# New American Freedom Train Boxcar



## tmmhead (Feb 22, 2008)

After deciding to give the battery and TIU in a boxcar a try for my American Freedom Train I realized that I was in need of a boxcar that would fit more with the them of the engine. After 1 MTH boxcar, a little paint and some decals from Stan Cedarleaf this is the outcome. 


























Thanks DM. I figured out how to reduce the size down to 640x480


----------



## tmmhead (Feb 22, 2008)

Does anyone know of a good size to post pictures so that they are quit as big or too small to see. 

Thanks, 

Tim


----------



## Rayman4449 (Jan 2, 2008)

Hey Tim, 

The max size we can post is 640x480. Looks great!!! 

Raymond


----------



## Torby (Jan 2, 2008)

Nice work.


----------



## tmmhead (Feb 22, 2008)

Thanks for the compliments.
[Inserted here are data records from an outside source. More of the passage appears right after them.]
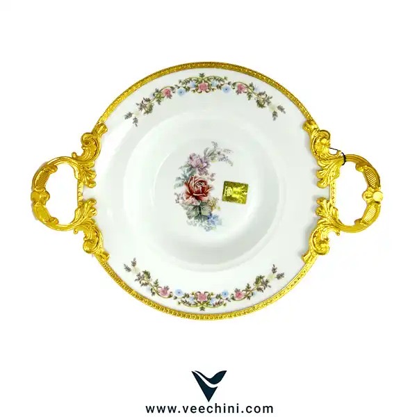 پاستاخوری طلایی لمونژ، شاهکاری از هنر و ظرافت فرانسوی، ترکیبی بینظیر از چینی مرغوب لمونژ و آبکاری طلایی درخشان است که با نقوش گل رز صورتی و طرحهای ظریف گیاهی تزئین شده است. این ظرف زیبا با ابعاد ۳۵×۲۸×۱۳ سانتیمتر، دستگیرههای باشکوه طلایی به سبک باروک و پایههای ظریف، تنها یک ظرف سرو نیست، بلکه یک اثر هنری است که هر سفرهای را به ضیافتی سلطنتی تبدیل میکند. همچنین پیشنها میشه پاستا خوری خوری لمونژ گل رز و شیرینی خوری لمونژ گل رز رو هم ببینید .
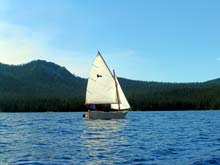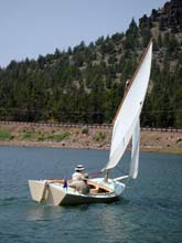 The centerboard and rudder both kick up so, combined with her flat dory bottom, Pacific Pelican is easy to beach. Gunkholing with only 5” draft (board up, of course) is easily done. She can go from a fast rough water cruiser to a laid back pleasure barge without any changes other than adjustment of rig and centeboard.
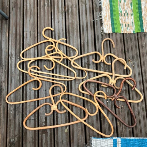 Myydään kolme rottinkista/puista (?) henkaria. Kunto kohtalainen ja tarvinnee uutta punosta kiinnityskohtaan (katso kuvat tarkasti).
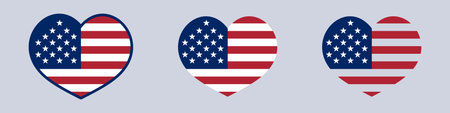 USA flag in a shape of heart. Patriotic national symbol of United States of America. Independence day graphic design element. Simple flat vector illustration.
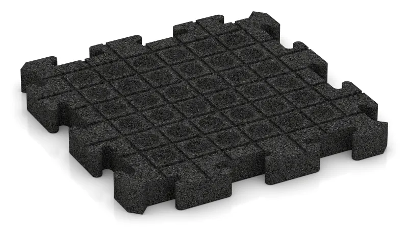 Zwei Plattenseiten verfügen über ein positives Zahnprofil, zwei über ein passendes negatives. Beim Verlegen greifen die Platten von unten formschlüssig ineinander und bilden eine dauerhafte, mechanisch sichere Verbindung. Von oben ergibt sich ein geschlossenes, fugenbündiges Erscheinungsbild mit gleichmäßiger Geometrie, das meist die Form eines klassischen Schachbrettmusters hat.
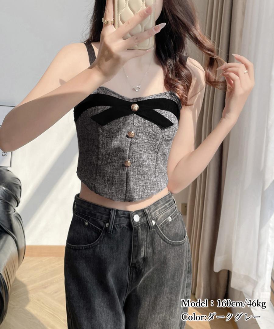 セクシーさと女子力を上げるツイード素材のキャミソールです。
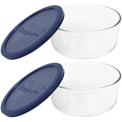 Pyrex Storage 4-Cup Round Dish with Dark Blue Plastic Cover, Clear (Pack of 2 Containers)
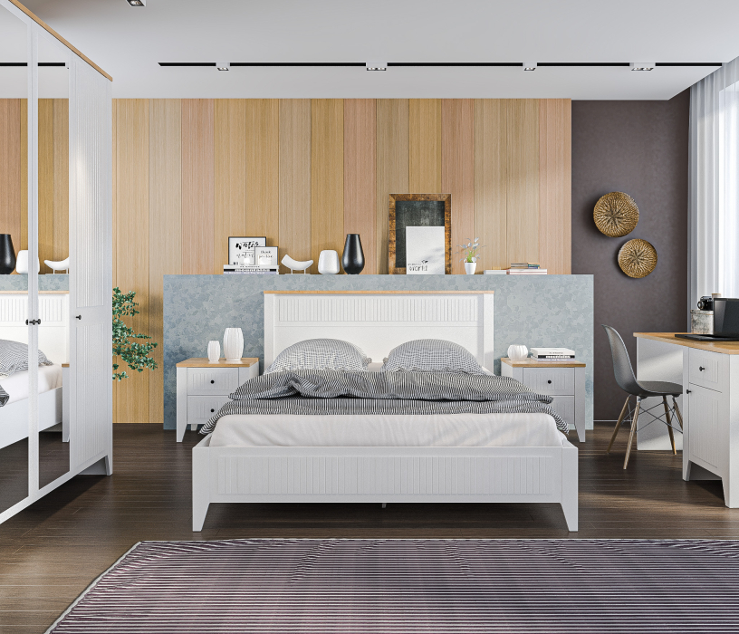 Набор для спальни Монтана Белый Альпийский,Дуб Гамильтон/МДФ Дуб Белый (Белый Альпийский,Дуб Гамильтон,МДФ Дуб Белый)
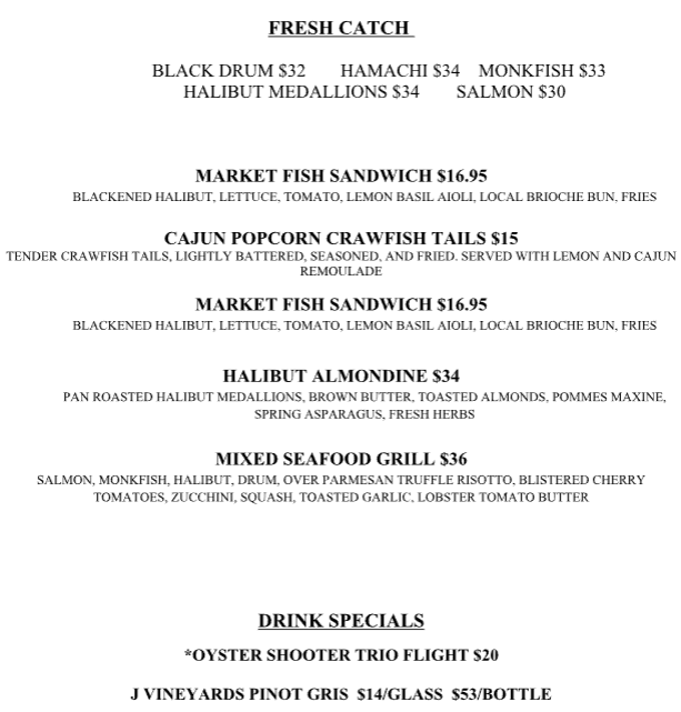 Fish and preparation change daily. See chef's special menu for today’s selection, fries

When I figure out how to get the correct size I'll add a few more. 

Tim


----------



## NTCGRR (Jan 2, 2008)

Blends in great


----------



## Stan Cedarleaf (Jan 2, 2008)

That sure turned out great, Tim...... Great images...


----------



## Great Western (Jan 2, 2008)

Very sharp indeed Tim. A job well done by all.


----------



## tmmhead (Feb 22, 2008)

Thank you. I am glad it came out well enough to share it with the forum.


----------